We need to install our Java UDF so that we may use it in AQL statements/queries. An AsterixDB library has a pre-defined structure which is as follows.

  • jar file: A jar file that would contain the class files for your UDF source code.

  • library descriptor.xml: This is a descriptor that provide meta-information about the library.

      <externalLibrary xmlns="library">
          <language>JAVA</language>
          <libraryFunctions>
              <libraryFunction>
                  <function_type>SCALAR</function_type>
                  <name>addFeatures</name>
                  <arguments>Tweet</arguments>
                  <return_type>ProcessedTweet</return_type>
                  <definition>org.apache.asterix.external.library.AddHashTagsFactory
                  </definition>
              </libraryFunction>
          </libraryFunctions>
      </externalLibrary>
    
  • lib: other dependency jars

If the Java UDF requires additional dependency jars, you may add them under a "lib" folder is required.

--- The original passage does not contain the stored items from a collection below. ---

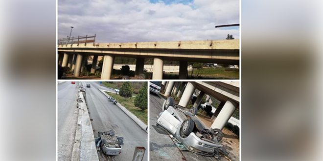 أصيب شخصان بجروح اليوم جراء تدهور سيارة سياحية على جسر مشروع دمر بمدينة دمشق.
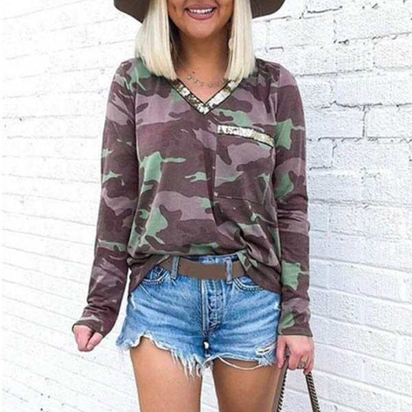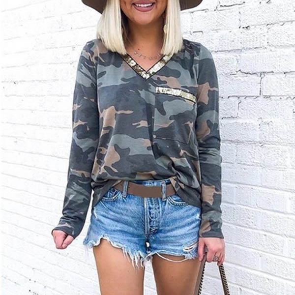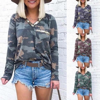 Fashion Long Sleeve V-neck Camouflage Printed T-shirt
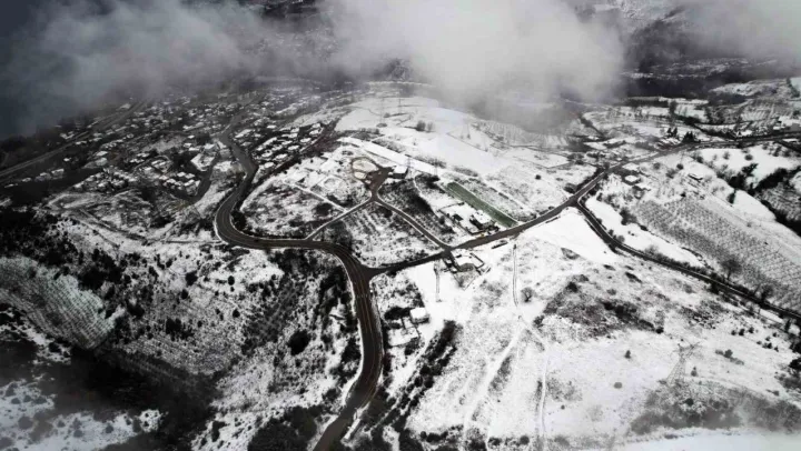 Sakarya'da etkili olan kar yağışı ile birlikte yüksek kesimlerde kartpostallık görüntüler ortaya çıktı. Kar yağışının ardından oluşan ve kendine hayran bırakan manzara havadan görüntülendi.

We create a zip bundle that contains the jar file and the library descriptor xml file. The zip would have the following structure.

$ unzip -l ./tweetlib.zip
Archive:  ./tweetlib.zip
  Length     Date   Time    Name
 --------    ----   ----    ----
   760817  04-23-14 17:16   hash-tags.jar
      405  04-23-14 17:16   tweet.xml
 --------                   -------
   761222                   2 files

###Installing an AsterixDB Library###

We assume you have followed the [http://asterixdb.ics.uci.edu/documentation/install.html instructions] to set up a running AsterixDB instance. Let us refer your AsterixDB instance by the name "my_asterix".

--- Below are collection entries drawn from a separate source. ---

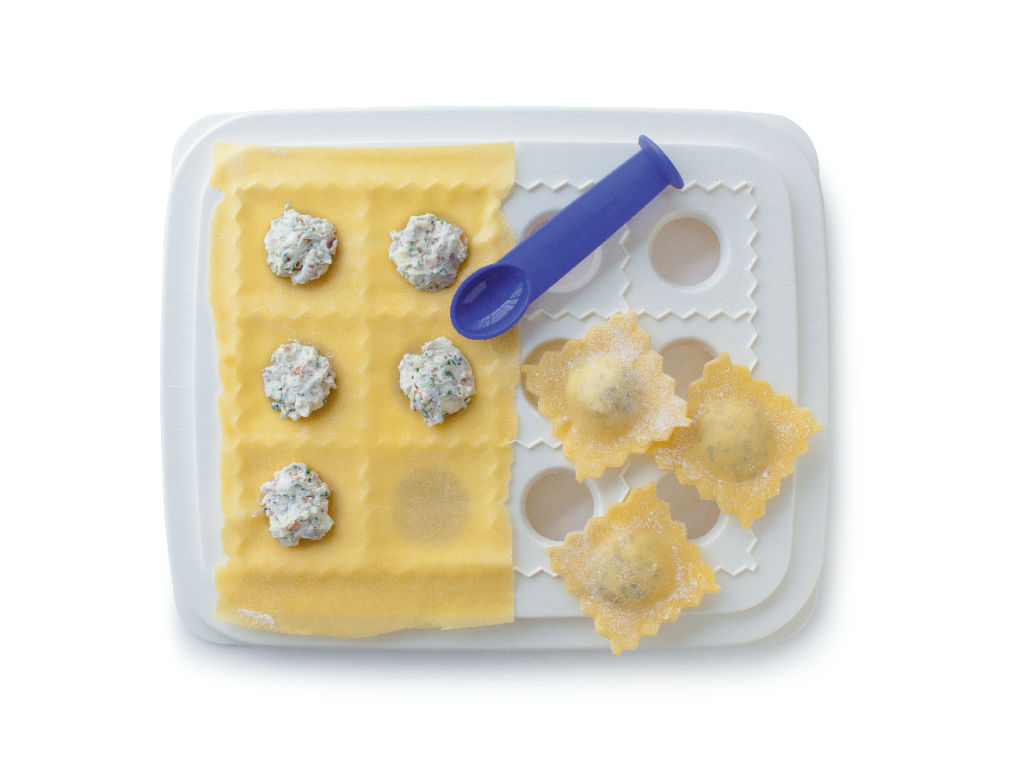 Забудьте о сложностях, возникающих во время извлечения готовых изделий из формы. Все, что вы должны сделать, - это перевернуть Форму для равиоли и несколько раз встряхнуть. После столь простой процедуры готовые пельмени высыплются в заранее приготовленный контейнер или тарелку.
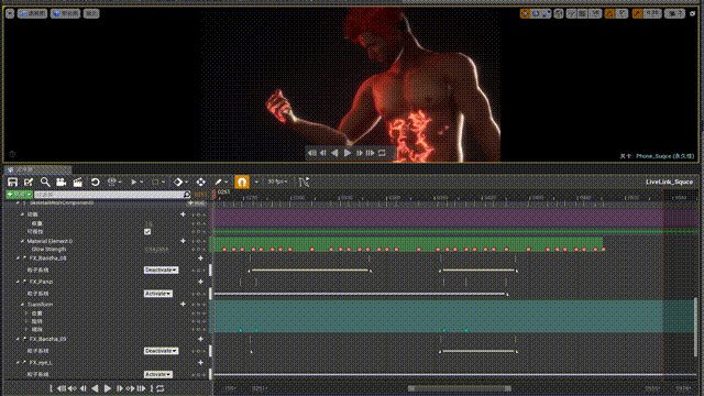 下一步就是装配角色蓝图了 联通LiveLink 添加粒子 设置触发条件
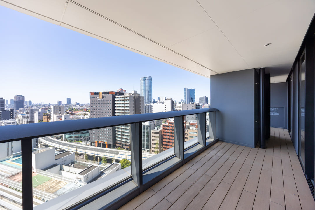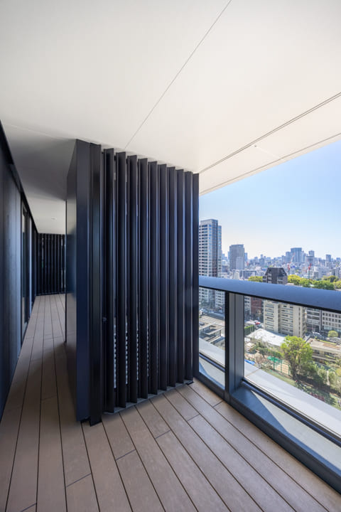 約17.03㎡の広々としたバルコニーは、外の空気を感じながらゆったりと過ごせるスペース。軒がしっかりと張り出しているため、直射日光をやわらげつつ、穏やかな明るさを取り込めるのも特徴です。足元にはウッド調のフロアが採用されており、室内からのつながりも感じられる落ち着いた雰囲気に仕上がっています。
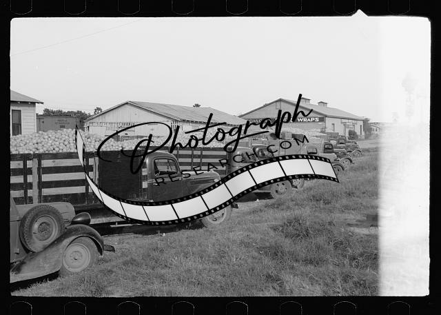 Trucks with grapefruit wait to be unloaded,juice plant,Weslaco,Texas,TX,1942
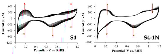 CVs of the initial (S4) and acid-treated electrocatalysts recorded during standardization have the form characteristic of platinum nanoparticles or its alloys deposited on a carbon support (Figure 7) [,,]. In the hydrogen region of CV (0.03–0.3 V), a gradual increase in currents is observed due to the cleaning and development of the surface of the PtCu/C materials, as was noted above (Figure 7). Moreover, there are no peaks in the potential range 0.25–0.35 V associated with the dissolution of copper from the intrinsic phase [,] on the anode CV branches of the initial (S4) and all de-alloyed PtCu/C materials (Figure 7). This indirectly indicates the absence of direct contact of the copper phase with the electrolyte. Note that the development of the surface of sample S4 (“as prepared” state) is much more pronounced (continues for a larger number of cycles) than for PtCu/C catalysts treated in acid (Figure 7). Obviously, this is largely due to a more intense anodic dissolution of copper atoms. The differences in the character of changes in the anode part of CV observed for S4, as compared to de-alloyed catalysts at potentials of about 1 V (Figure 7), are also apparently due to a significant difference in the surface composition of nanoparticles.

  • Step 1: Stop the AsterixDB instance if it is in the ACTIVE state.

      $ managix stop -n my_asterix
    
  • Step 2: Install the library using Managix install command. Just to illustrate, we use the help command to look up the syntax

      $ managix help  -cmd install
      Installs a library to an asterix instance.
      Options
      n  Name of Asterix Instance
      d  Name of the dataverse under which the library will be installed
      l  Name of the library
      p  Path to library zip bundle
    

Above is a sample output and explains the usage and the required parameters. Each library has a name and is installed under a dataverse. Recall that we had created a dataverse by the name - "feeds" prior to creating our datatypes and dataset. We shall name our library - "testlib".

We assume you have a library zip bundle that needs to be installed. To install the library, use the Managix install command. An example is shown below.

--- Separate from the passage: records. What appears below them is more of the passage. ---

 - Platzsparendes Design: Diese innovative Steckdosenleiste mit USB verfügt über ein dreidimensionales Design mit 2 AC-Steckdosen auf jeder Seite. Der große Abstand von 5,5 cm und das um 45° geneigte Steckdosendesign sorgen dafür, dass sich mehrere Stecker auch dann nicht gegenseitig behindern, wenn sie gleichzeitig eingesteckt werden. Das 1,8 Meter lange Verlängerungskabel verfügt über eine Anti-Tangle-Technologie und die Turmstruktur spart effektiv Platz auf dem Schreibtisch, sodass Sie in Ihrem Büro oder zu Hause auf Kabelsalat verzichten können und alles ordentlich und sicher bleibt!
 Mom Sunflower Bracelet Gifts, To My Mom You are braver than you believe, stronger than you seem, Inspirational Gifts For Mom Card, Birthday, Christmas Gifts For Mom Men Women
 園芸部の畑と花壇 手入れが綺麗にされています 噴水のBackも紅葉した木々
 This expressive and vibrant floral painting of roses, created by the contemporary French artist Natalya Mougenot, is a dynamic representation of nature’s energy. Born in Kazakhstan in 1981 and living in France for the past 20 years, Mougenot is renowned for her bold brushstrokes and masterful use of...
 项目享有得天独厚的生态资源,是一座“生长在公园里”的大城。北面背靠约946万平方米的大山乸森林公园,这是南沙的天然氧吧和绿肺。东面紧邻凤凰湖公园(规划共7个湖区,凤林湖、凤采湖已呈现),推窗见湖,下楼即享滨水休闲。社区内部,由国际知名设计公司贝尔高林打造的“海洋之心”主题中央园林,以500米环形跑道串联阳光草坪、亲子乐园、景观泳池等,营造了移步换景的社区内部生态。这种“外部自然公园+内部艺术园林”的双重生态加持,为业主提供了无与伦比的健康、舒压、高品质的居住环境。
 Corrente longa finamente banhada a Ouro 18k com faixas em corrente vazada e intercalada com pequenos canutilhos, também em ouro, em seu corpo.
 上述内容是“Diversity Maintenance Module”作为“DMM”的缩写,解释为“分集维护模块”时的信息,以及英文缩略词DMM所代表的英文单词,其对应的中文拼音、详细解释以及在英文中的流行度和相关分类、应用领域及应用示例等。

$ managix install -n my_asterix -d feeds -l testlib -p <put the absolute path of the library zip bundle here>

You should see the following message:

INFO: Installed library testlib

We shall next start our AsterixDB instance using the start command as shown below.

$ managix start -n my_asterix

You may now use the AsterixDB library in AQL statements and queries. To look at the installed artifacts, you may execute the following query at the AsterixDB web-console.

for $x in dataset Metadata.Function
return $x

for $x in dataset Metadata.Library
return $x

Our library is now installed and is ready to be used.